Este hombre tranquilo, sencillo y afable, que no encarna para nada esa imagen de poder palaciego que tanto hemos padecido en América Latina, es el presidente legítimo de Venezuela, ganador por una inmensa mayoría de votos de las elecciones del 28 de julio de 2024 que le robaron con brutal descaro, y ahora se halla en el destierro en España.

Nos encontramos por primera vez. Está sentado al fondo de esta cafetería de unos de los barrios de Madrid, donde hemos convenido vernos, y se adelanta con los brazos abiertos para recibirme. Edmundo González, quien nunca deja su humilde sonrisa, aparenta lo que realmente es, un diplomático de carrera, ensayista autor de varios libros, y profesor universitario de larga trayectoria.

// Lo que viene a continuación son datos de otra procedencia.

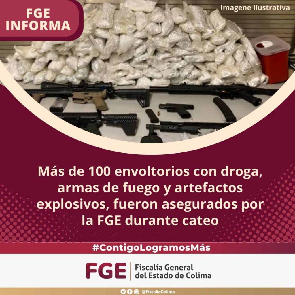 La Policía Investigadora de la Fiscalía General del Estado (FGE) el pasado martes 09 de mayo del presente año, dio cumplimiento a un ordenamiento judicial girado por un Juez de Control por el delito de contra la salud en la modalidad de narcomenudeo, donde se encontraron más de 100 envoltorios con metanfetamina, armas de fuego, artefactos explosivos, entre otros indicios; esto, en esta ciudad de Colima.

Y como no pocas veces ocurre en un continente donde todo se trastoca, está aquí solo, sin asistentes, ni asesores, ni fanfarrias, después de haber derrotado en las urnas al dictador Nicolás Maduro con el 70% de los votos, según el recuento verdadero, avalado por el Centro Carter.

No puedo dejar de recordar, al abrazarlo, que hace muchos años, siendo estudiante, me senté también a compartir un café en San Isidro de Coronado, Costa Rica, con otro prócer en el exilio, el profesor Juan Bosch, uno de los grandes cuentistas de América Latina. Hablamos esa vez de dictaduras y democracia, y de literatura. Ameno y didáctico, todo el mundo lo llamaba el profesor. Tras la muerte del Generalísimo Rafael Leónidas Trujillo llegaría a ser electo presidente de la República Dominicana en 1962, también por mayoría abrumadora, sólo para ser depuesto 9 meses después por el ejército trujillista, que seguía allí.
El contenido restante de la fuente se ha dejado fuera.